(Dataset excerpts)

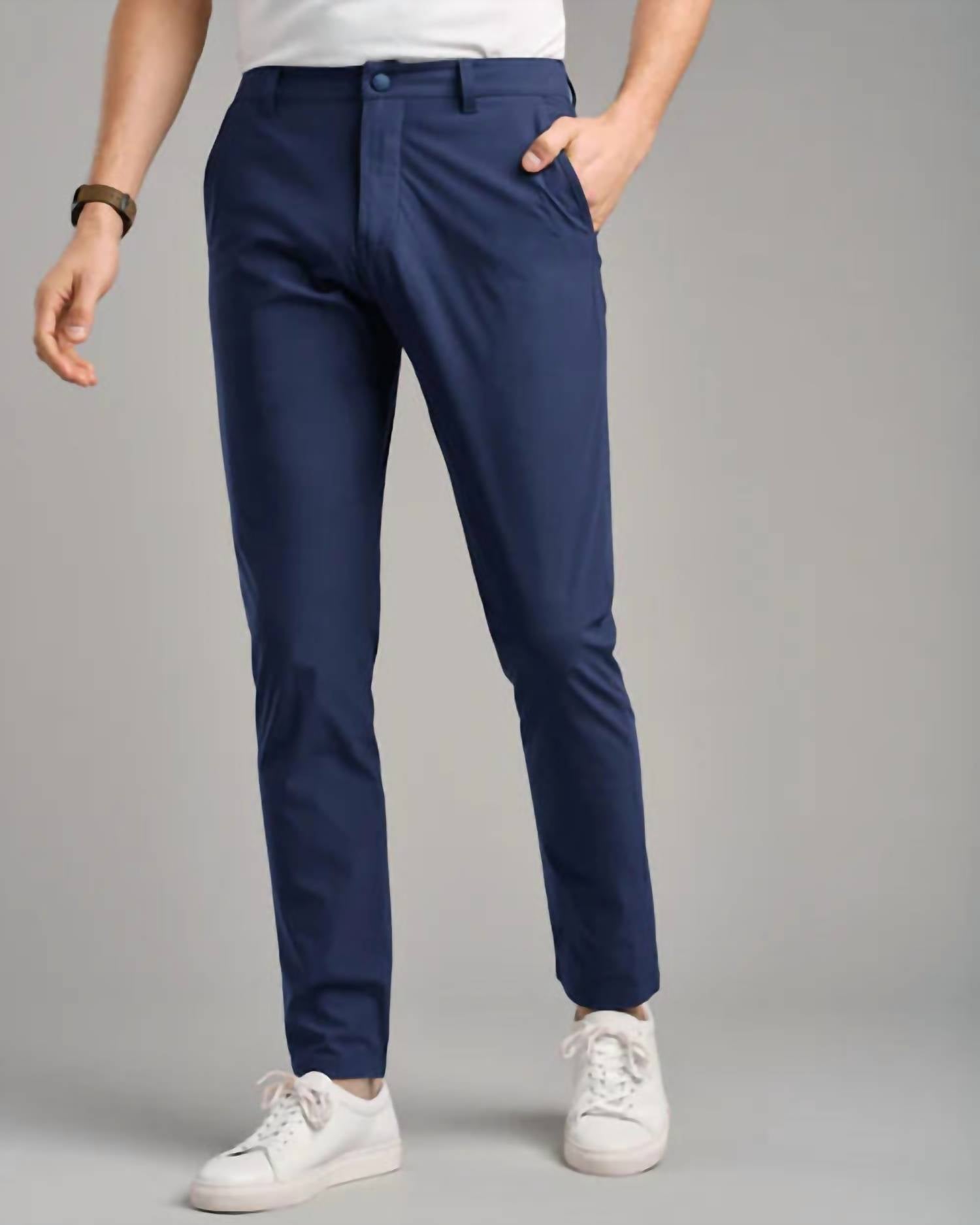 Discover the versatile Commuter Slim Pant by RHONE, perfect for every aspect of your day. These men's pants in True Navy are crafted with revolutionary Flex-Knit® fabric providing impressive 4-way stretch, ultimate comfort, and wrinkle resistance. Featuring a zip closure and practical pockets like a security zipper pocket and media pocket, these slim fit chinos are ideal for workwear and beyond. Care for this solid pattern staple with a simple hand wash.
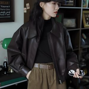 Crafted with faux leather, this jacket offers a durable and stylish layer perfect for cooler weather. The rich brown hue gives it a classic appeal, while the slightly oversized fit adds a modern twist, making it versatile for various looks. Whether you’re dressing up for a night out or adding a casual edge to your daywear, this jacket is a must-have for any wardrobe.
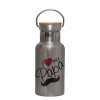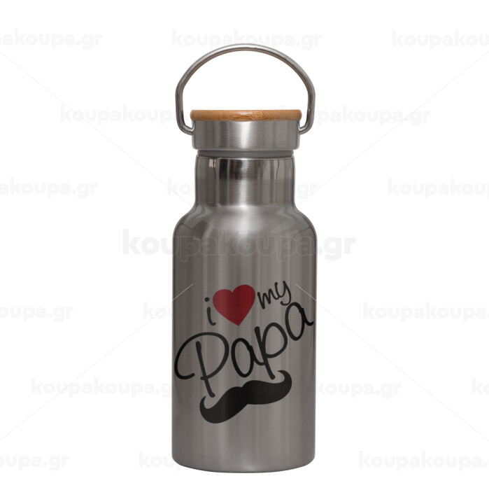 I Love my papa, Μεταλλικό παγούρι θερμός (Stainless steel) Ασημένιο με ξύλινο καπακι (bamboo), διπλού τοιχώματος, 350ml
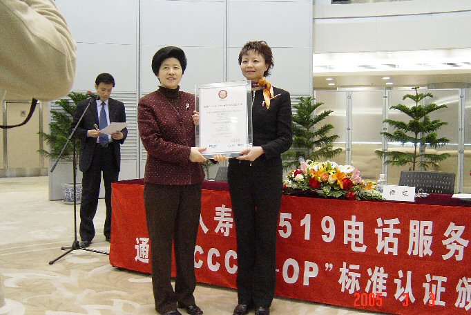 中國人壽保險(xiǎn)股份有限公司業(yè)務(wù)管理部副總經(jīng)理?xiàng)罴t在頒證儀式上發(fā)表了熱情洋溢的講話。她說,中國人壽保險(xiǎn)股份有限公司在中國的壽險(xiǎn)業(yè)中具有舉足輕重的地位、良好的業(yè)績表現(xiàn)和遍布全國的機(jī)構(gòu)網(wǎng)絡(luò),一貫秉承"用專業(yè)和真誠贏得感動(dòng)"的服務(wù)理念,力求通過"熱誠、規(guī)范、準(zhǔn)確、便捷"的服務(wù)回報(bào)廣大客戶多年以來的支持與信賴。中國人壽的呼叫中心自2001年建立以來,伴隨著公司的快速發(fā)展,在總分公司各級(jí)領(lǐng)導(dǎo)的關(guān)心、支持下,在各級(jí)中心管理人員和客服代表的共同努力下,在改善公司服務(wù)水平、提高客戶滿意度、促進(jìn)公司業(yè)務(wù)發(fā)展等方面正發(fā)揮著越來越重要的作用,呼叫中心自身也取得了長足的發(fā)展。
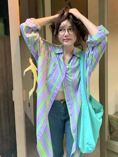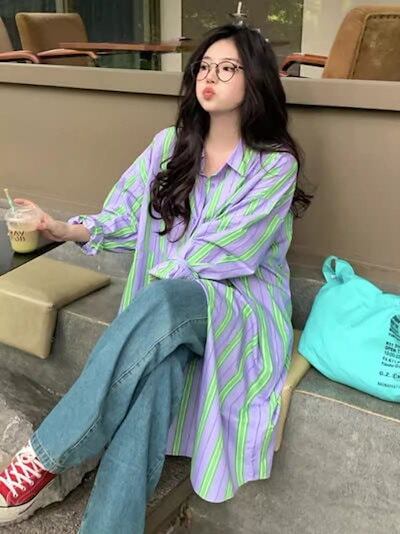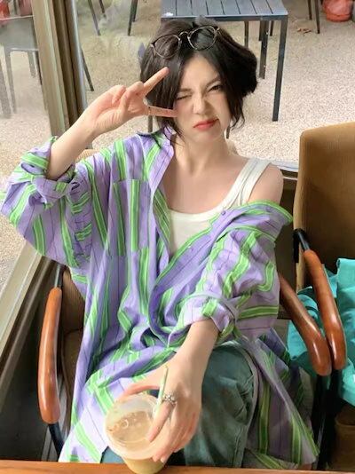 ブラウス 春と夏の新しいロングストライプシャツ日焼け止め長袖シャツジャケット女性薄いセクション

▸ Exercise:
Transcribe every entry above exactly as it stands, but skip the images.

▸ Exercise response:
 Discover the versatile Commuter Slim Pant by RHONE, perfect for every aspect of your day. These men's pants in True Navy are crafted with revolutionary Flex-Knit® fabric providing impressive 4-way stretch, ultimate comfort, and wrinkle resistance. Featuring a zip closure and practical pockets like a security zipper pocket and media pocket, these slim fit chinos are ideal for workwear and beyond. Care for this solid pattern staple with a simple hand wash.
 Crafted with faux leather, this jacket offers a durable and stylish layer perfect for cooler weather. The rich brown hue gives it a classic appeal, while the slightly oversized fit adds a modern twist, making it versatile for various looks. Whether you’re dressing up for a night out or adding a casual edge to your daywear, this jacket is a must-have for any wardrobe.
 I Love my papa, Μεταλλικό παγούρι θερμός (Stainless steel) Ασημένιο με ξύλινο καπακι (bamboo), διπλού τοιχώματος, 350ml
 中國人壽保險(xiǎn)股份有限公司業(yè)務(wù)管理部副總經(jīng)理?xiàng)罴t在頒證儀式上發(fā)表了熱情洋溢的講話。她說,中國人壽保險(xiǎn)股份有限公司在中國的壽險(xiǎn)業(yè)中具有舉足輕重的地位、良好的業(yè)績表現(xiàn)和遍布全國的機(jī)構(gòu)網(wǎng)絡(luò),一貫秉承"用專業(yè)和真誠贏得感動(dòng)"的服務(wù)理念,力求通過"熱誠、規(guī)范、準(zhǔn)確、便捷"的服務(wù)回報(bào)廣大客戶多年以來的支持與信賴。中國人壽的呼叫中心自2001年建立以來,伴隨著公司的快速發(fā)展,在總分公司各級(jí)領(lǐng)導(dǎo)的關(guān)心、支持下,在各級(jí)中心管理人員和客服代表的共同努力下,在改善公司服務(wù)水平、提高客戶滿意度、促進(jìn)公司業(yè)務(wù)發(fā)展等方面正發(fā)揮著越來越重要的作用,呼叫中心自身也取得了長足的發(fā)展。
 ブラウス 春と夏の新しいロングストライプシャツ日焼け止め長袖シャツジャケット女性薄いセクション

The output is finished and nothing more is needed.